By faith he forsook Egypt, not fearing the wrath of the king: for he endured, as seeing him who is invisible. By faith he kept (the Greek reads “he instituted”) the passover (Moses told them what to do; God backed it up and ordered the slaughter), and the sprinkling of blood, that the destroyer of the firstborn should not touch them. By faith they passed through the Red sea as by dry land: which the Egyptians assaying to do were swallowed up. This reference in the great roll call of faith is talking about Moses’ great faith: the way he kept the Passover. He instituted it; he started it with faith.
There is something you have to see in Moses—a slave, a fugitive, a runaway, rising up as a rebel against Egypt, refusing to be called the son of Pharaoh’s daughter, refusing all the things that seemed to be good for him. Something within him lived in rebellion and protest. In this day, we are protesting against conformity to this age: rebelling against the things that hold us back. We will be just as blessed as we dare to be, as we will to be. If you want change and are willing to take the necessary steps to change, you will have it! The changes will come because God will lead you into them, but they won’t come automatically.
There is a truth—a picture of our lives that you can see in the children of Israel. Four hundred and thirty years they had been in the land of Egypt. They came into the country innocently, during a time of famine under Joseph. Pharaohs then arose that knew not Joseph, and the Israelites found themselves as slaves, serving the Egyptians with rigor. Straw was taken away so there was nothing to create adhesion in the bricks they made; but they still had to produce the same number of bricks. Because of the increasing number of Israelites, when the Hebrew women were bearing their children, the midwives were instructed to kill all the male children as they came forth from the womb. (When you are under such bondage, though you may groan and cry under it, you can’t protest.) Ten devastating plagues swept through Egypt because the entire economy was based upon the free labor of slaves, and they were not about to let them go.

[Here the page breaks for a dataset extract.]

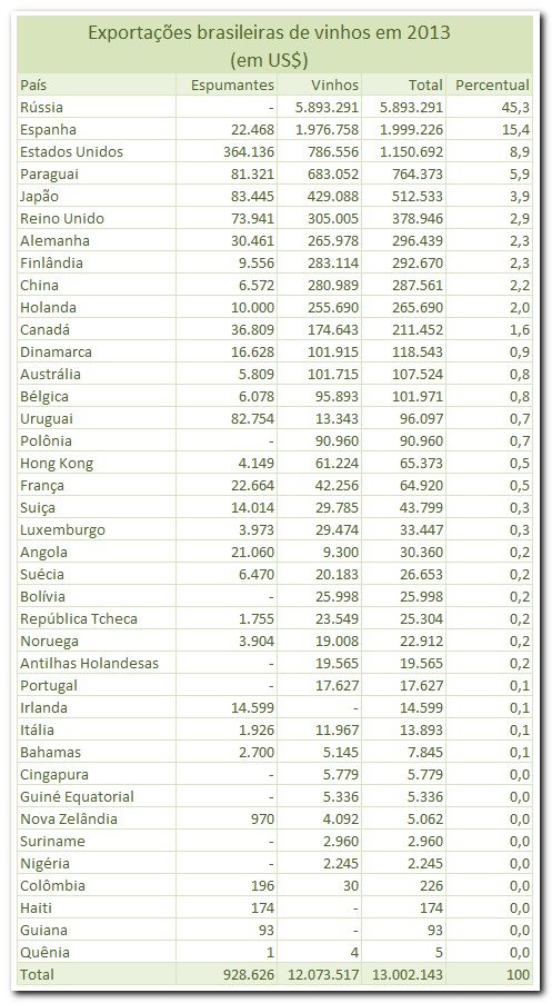 Foi porque, nos dois casos era vinho fino e foi a granel para a Rússia, como faz também Uruguay que exporta excedentes para Rússia a granel, ou porque foi vinho de não vinifera para a Rússia? Para o Paraguai toda a exportação é de vinho de não vinifera para abastecer a demanda dos brasiguaios. Os Paraguaios bebem importado bons sem imposto.
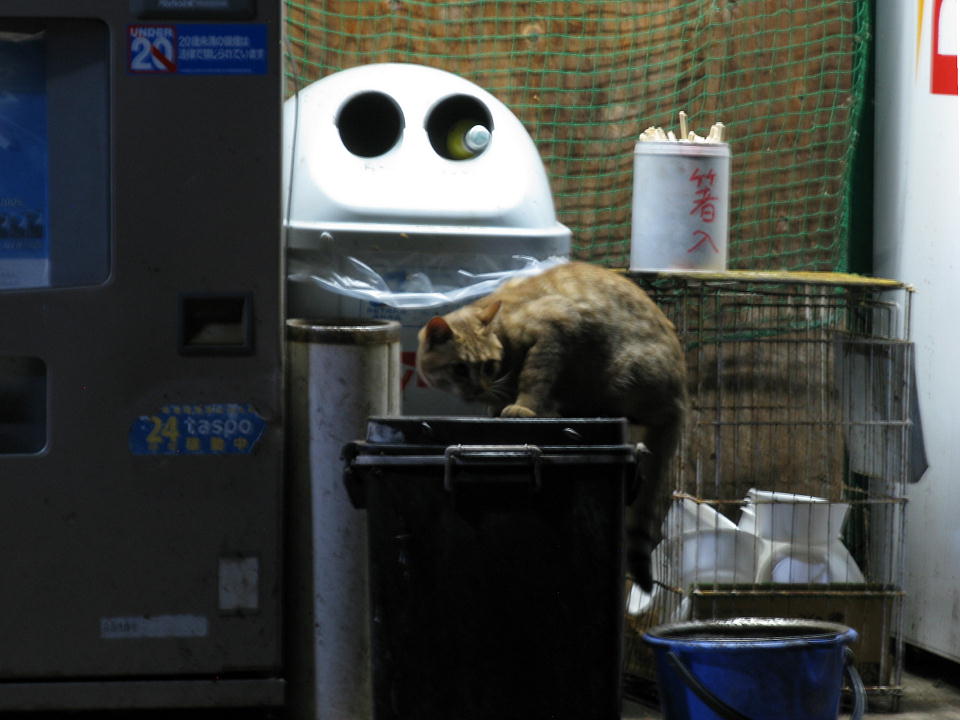 | どらねこは麺の残りを捨てる容器に登って漁っていた。 この容器は、フタの部分がザル状の網になっており、そこに捨てるとつゆは下に落ち、 麺や天ぷらは網に残るので、それを狙ってどらねこやカラスやスズメなどが来るのだ。 どらねこぐらいの大きさだったら、この容器に登ったらひっくり返りそうに思うが、この時は何事もなかった。 この写真は、手持ち1秒ながら、じっとしないどらねこを車内からなんとか写せた1枚。 |

There is a truth in this that we face on a spiritual level. There are many forms of slavery. The money that we spend could easily buy items that would last much longer—clothes could be made to wear longer, cars could last longer. Instead of dealing with obsolescence, the manufacturers could deal in efficiency. But it is more profitable for them to prolong payments. It was profitable to keep the Israelites as slaves. How were they ever going to break loose? The minute they began to protest, the whip came down still harder until they begged Moses, “Leave us alone. It was better for us before you ever came down here to talk about freedom.” People who feel oppression and the need of deliverance are those that have had a little oppression. Then Satan tries to put the pressure on to hold them down a little more. The pressure is always the greatest just before breaking through to the greatest victory.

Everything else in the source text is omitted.